A key number to determine is how much money you need over the next 7 years.

This is my preferred approach and represents a “full business cycle” in the U.S.

This is how long it takes for the markets to go from the top to the bottom and then back to the top.

There are more nuances here, but it’s a good starting point.

Start with your income needs for the next year and multiply that by 7.

Then add in any additional funds needed for large travel plans, home or medical expenses or gifts you’d like to make.

This 7-year amount is what you need to hold in liquid and/or easily accessible funds.

These funds are where you will pull your income needs from throughout the year.

 

 

Structuring Your Portfolio

The Traditional Approach

This is a simpler approach that focuses on overall asset allocation.

The 7-year figure you calculated earlier will be your fixed income or bond allocation.

The remaining funds go into growth-oriented securities or stocks.

For example, let's say you have $1,000,000.

If you determine you need $300,000 to get you through the next seven years, that would mean 30% of your portfolio is allocated toward fixed income.

So you would maintain a 70% equities / 30% fixed income portfolio.

This allocation would then be periodically rebalanced and adjusted based on market conditions and your personal preferences and circumstances.


Fortress Financial Plan Approach

This income-based approach is our signature strategy at CSF.

The execution of this plan is more involved but, if properly implemented, it can result in a safer withdrawal strategy when compared to the traditional approach.

The idea is to structure your portfolio in a way where most of your expenses are covered by the income it generates.

This lowers your need to access the principal even in down years and gives you extra peace of mind.

As an example, if you need $100,000 per year to maintain your lifestyle, we would want 70% to 80% of your cash needs to be covered by the income generated by your portfolio.

If you’d like to read more about it, check out “Fortress Financial Plan: What It Is and Why You Need One.”

 

 

Location, Location, Location

Keep in mind that asset location matters just as much as asset allocation!

Not all retirement money is taxed equally.

Tax-free funds, like in a Roth IRA or Roth 401(k), should be used strategically since these accounts usually represent a relatively small amount of your total portfolio.

These are best used as a safety valve or saved for longer to maximize tax-free growth.

Your taxable or brokerage account are there for flexibility.

You might owe capital gains tax once you liquidate which is often a lower rate than ordinary income.

Your tax-deferred funds in accounts like a Traditional IRA or 401(k), has never been taxed and will be hit with the highest tax which if your ordinary income tax rate.

Determining when to pull from these accounts depends greatly on your circumstances and your other income sources.

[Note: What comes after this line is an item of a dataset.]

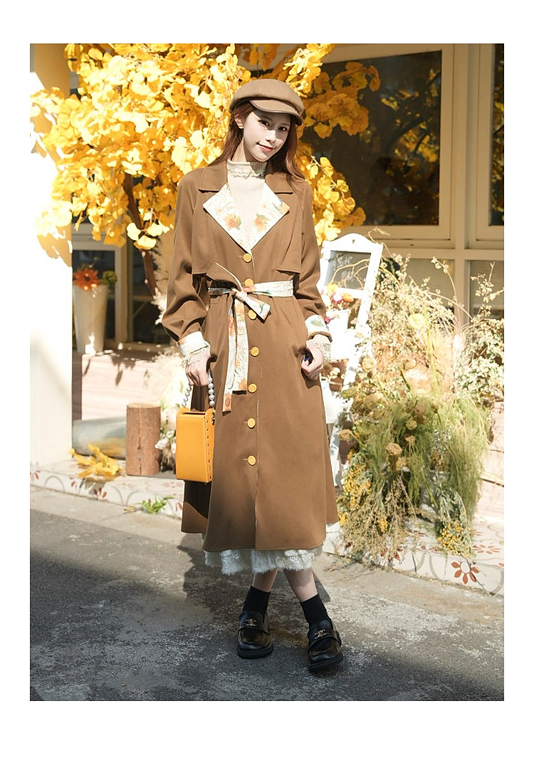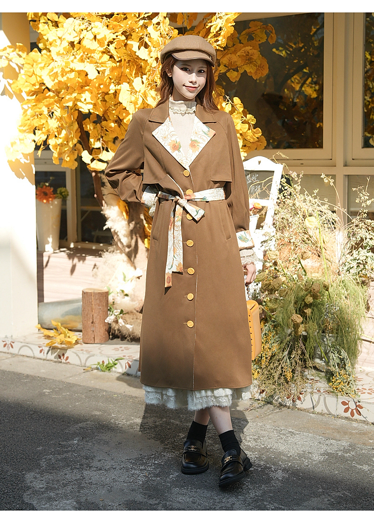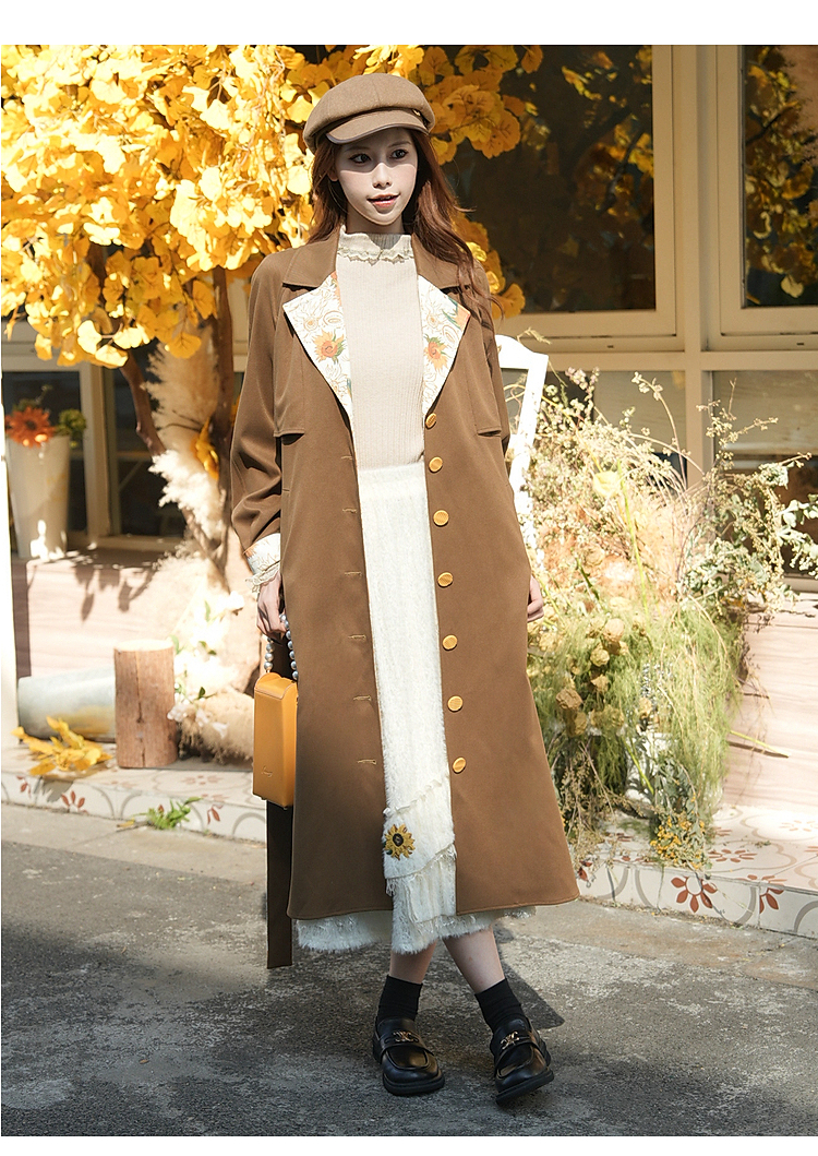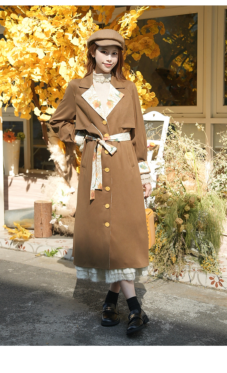 两三事梵高文艺大地诗行2025冬新款复古印花拼接绑带风衣外套女

So, you need to have a clear plan for how you will actually draw from your accounts!

 

Other Important Considerations

This newsletter is already somewhat long, but it wouldn’t be complete without at least mentioning the other important considerations that are part of the spending stage of your life.

Taxes will likely be the largest expense in the early years of your retirement. You need to have a plan to keep as much of your hard-earned dollars as possible.

You need to have a plan to cover your long-term care expenses. If your goal is to self-insure, your plan needs to reflect that. 

Finally, if you managed to accumulate significant wealth, you need to have a clear plan to preserve and transfer it to the next generation.

I will certainly talk about these important topics in our next newsletters.

 


What Does This Mean for You?

The accumulation phase was about discipline and growth.

The distribution phase is about strategy and execution.

By replacing anxiety with a structured plan, you can confidently pivot from being a dedicated saver to a joyful spender. 

Your money has fulfilled its purpose.

You worked hard your whole life, and you need a plan to enjoy your golden years, worry and stress free!